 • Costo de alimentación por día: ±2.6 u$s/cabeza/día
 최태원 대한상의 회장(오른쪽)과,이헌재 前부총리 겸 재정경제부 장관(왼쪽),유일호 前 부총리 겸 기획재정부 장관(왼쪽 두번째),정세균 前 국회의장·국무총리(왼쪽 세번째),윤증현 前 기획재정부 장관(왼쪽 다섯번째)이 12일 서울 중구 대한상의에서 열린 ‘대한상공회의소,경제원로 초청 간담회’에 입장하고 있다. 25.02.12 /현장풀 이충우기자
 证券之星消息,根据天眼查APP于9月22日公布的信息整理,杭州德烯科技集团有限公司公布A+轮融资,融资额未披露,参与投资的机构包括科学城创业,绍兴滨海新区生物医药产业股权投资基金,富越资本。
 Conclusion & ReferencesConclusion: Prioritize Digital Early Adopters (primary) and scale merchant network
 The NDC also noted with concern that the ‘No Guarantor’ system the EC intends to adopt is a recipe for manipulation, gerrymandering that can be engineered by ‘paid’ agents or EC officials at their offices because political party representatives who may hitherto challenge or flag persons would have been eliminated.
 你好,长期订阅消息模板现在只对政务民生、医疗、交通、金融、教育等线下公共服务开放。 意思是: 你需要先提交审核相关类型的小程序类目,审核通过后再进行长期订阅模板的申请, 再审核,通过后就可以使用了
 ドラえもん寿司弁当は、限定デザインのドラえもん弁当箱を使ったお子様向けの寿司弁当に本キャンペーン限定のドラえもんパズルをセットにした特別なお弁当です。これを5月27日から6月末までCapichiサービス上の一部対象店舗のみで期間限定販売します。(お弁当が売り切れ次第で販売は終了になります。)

...

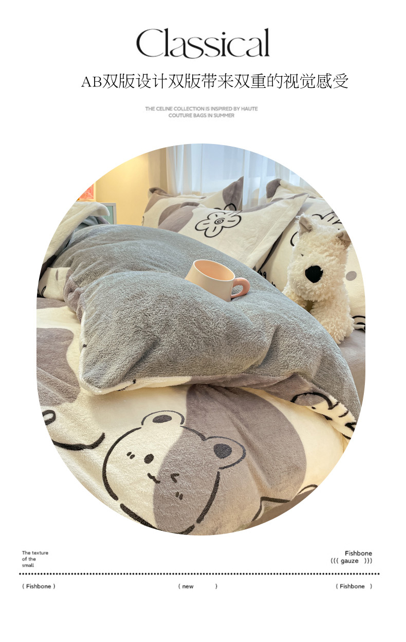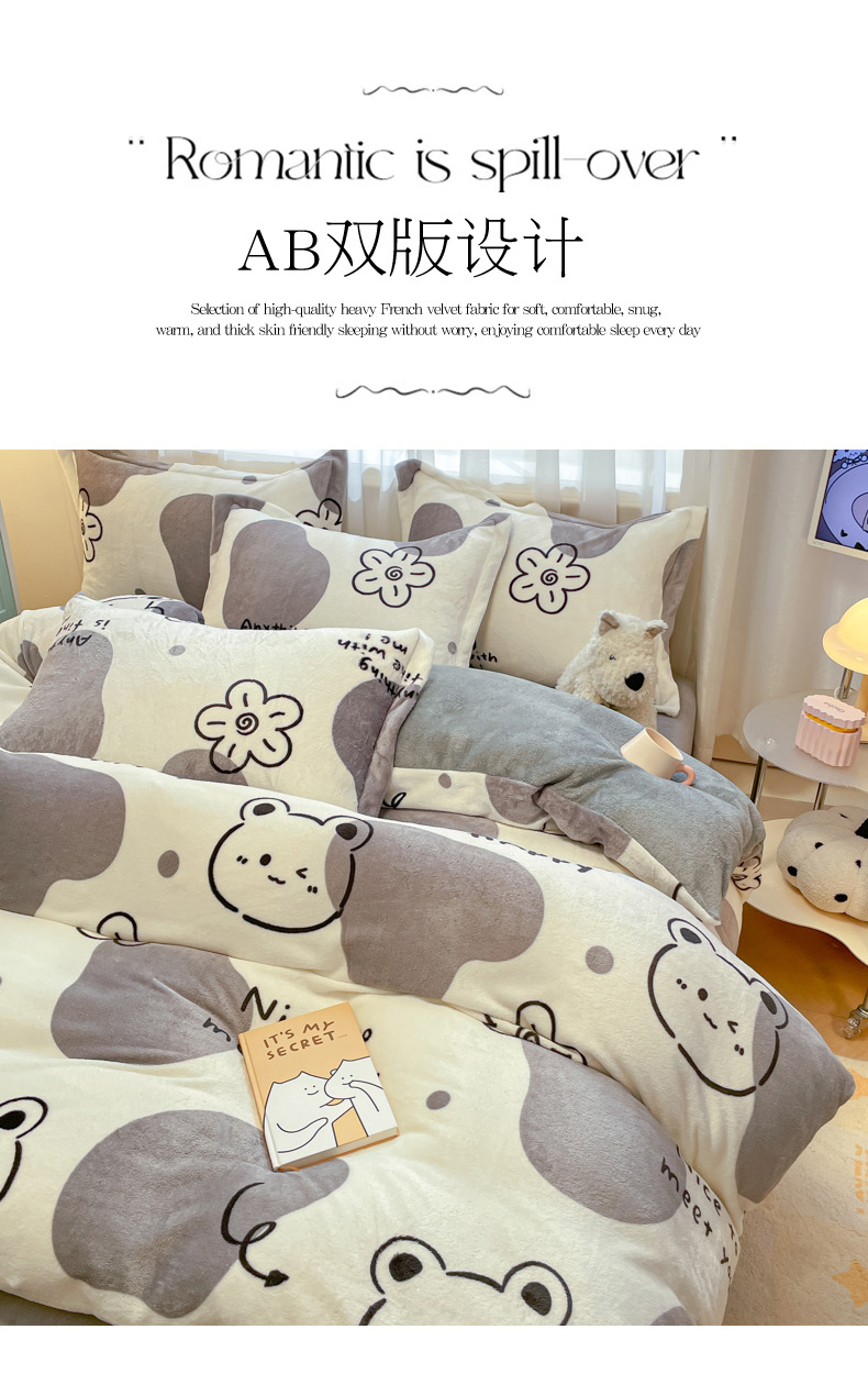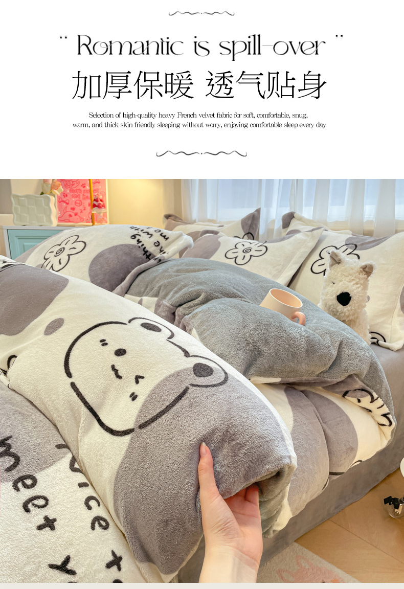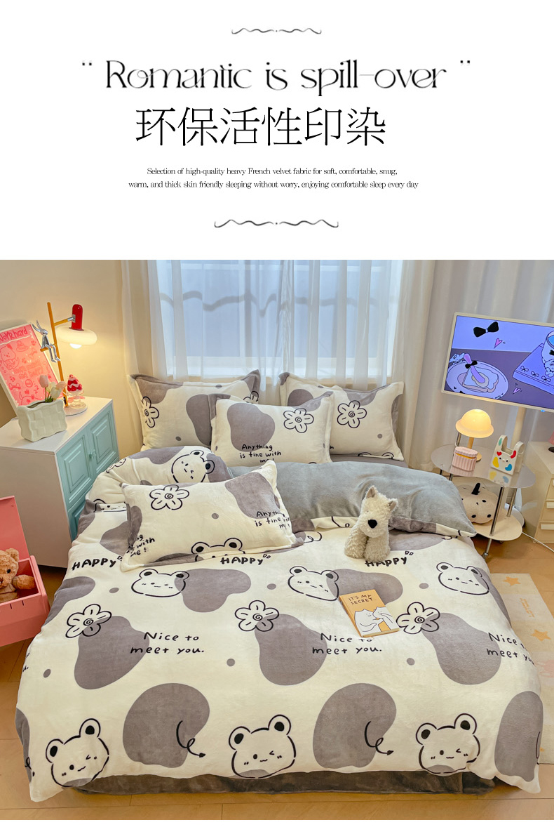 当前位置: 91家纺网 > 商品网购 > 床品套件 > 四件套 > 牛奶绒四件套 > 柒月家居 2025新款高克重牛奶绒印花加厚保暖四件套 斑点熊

==

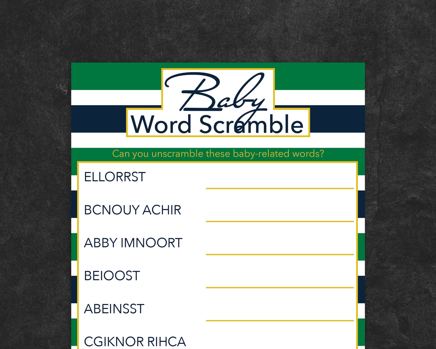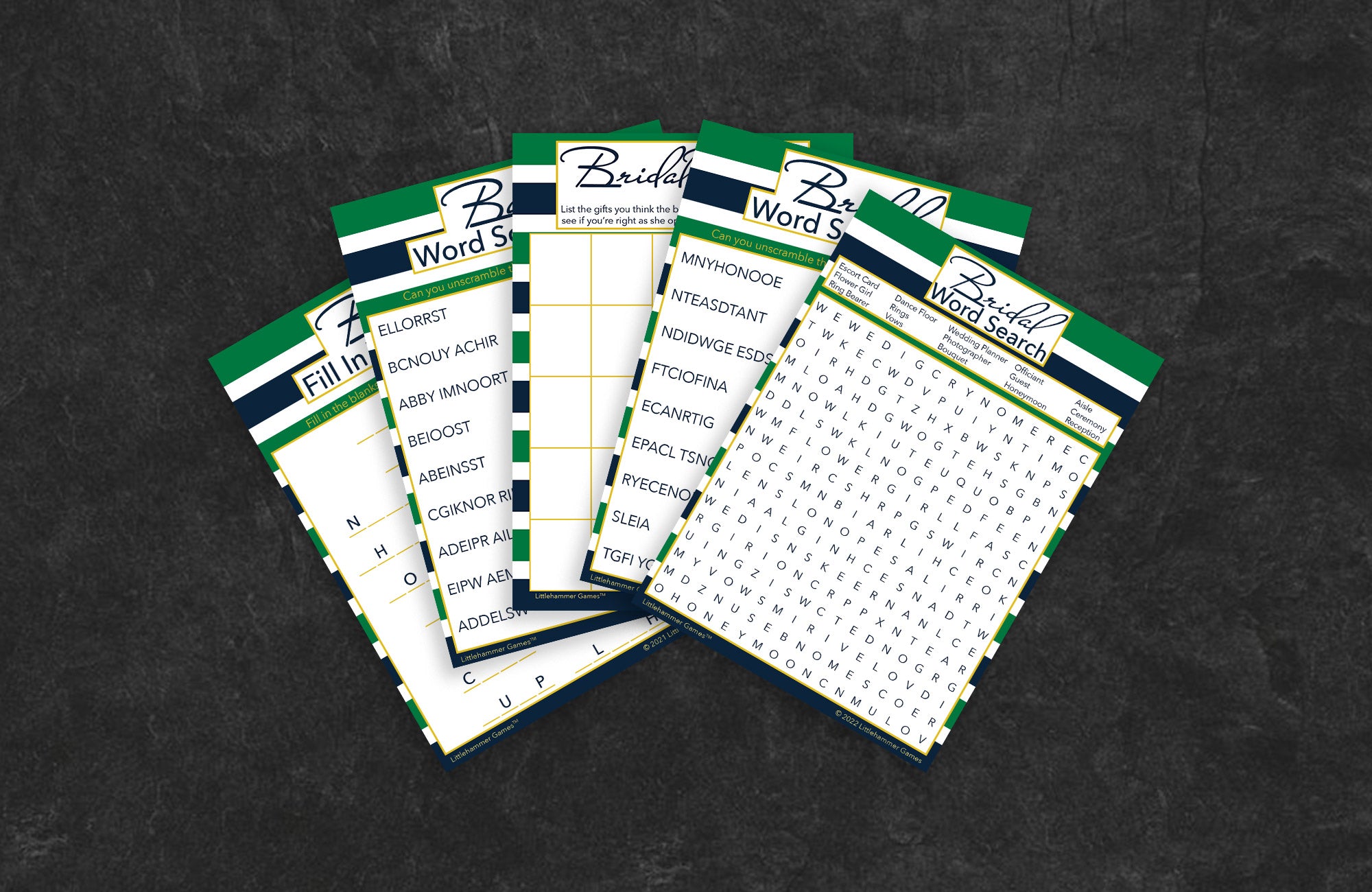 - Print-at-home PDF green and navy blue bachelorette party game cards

§ **The task**: Write out exactly the lines that fall from the line with "día: ±2.6 u$s/cabeza/día" to the line with "최태원 대한상의 회장(오른쪽)과,이헌재" in the records above, keeping both ends.

§ **Expected answer**:
 • Costo de alimentación por día: ±2.6 u$s/cabeza/día
 최태원 대한상의 회장(오른쪽)과,이헌재 前부총리 겸 재정경제부 장관(왼쪽),유일호 前 부총리 겸 기획재정부 장관(왼쪽 두번째),정세균 前 국회의장·국무총리(왼쪽 세번째),윤증현 前 기획재정부 장관(왼쪽 다섯번째)이 12일 서울 중구 대한상의에서 열린 ‘대한상공회의소,경제원로 초청 간담회’에 입장하고 있다. 25.02.12 /현장풀 이충우기자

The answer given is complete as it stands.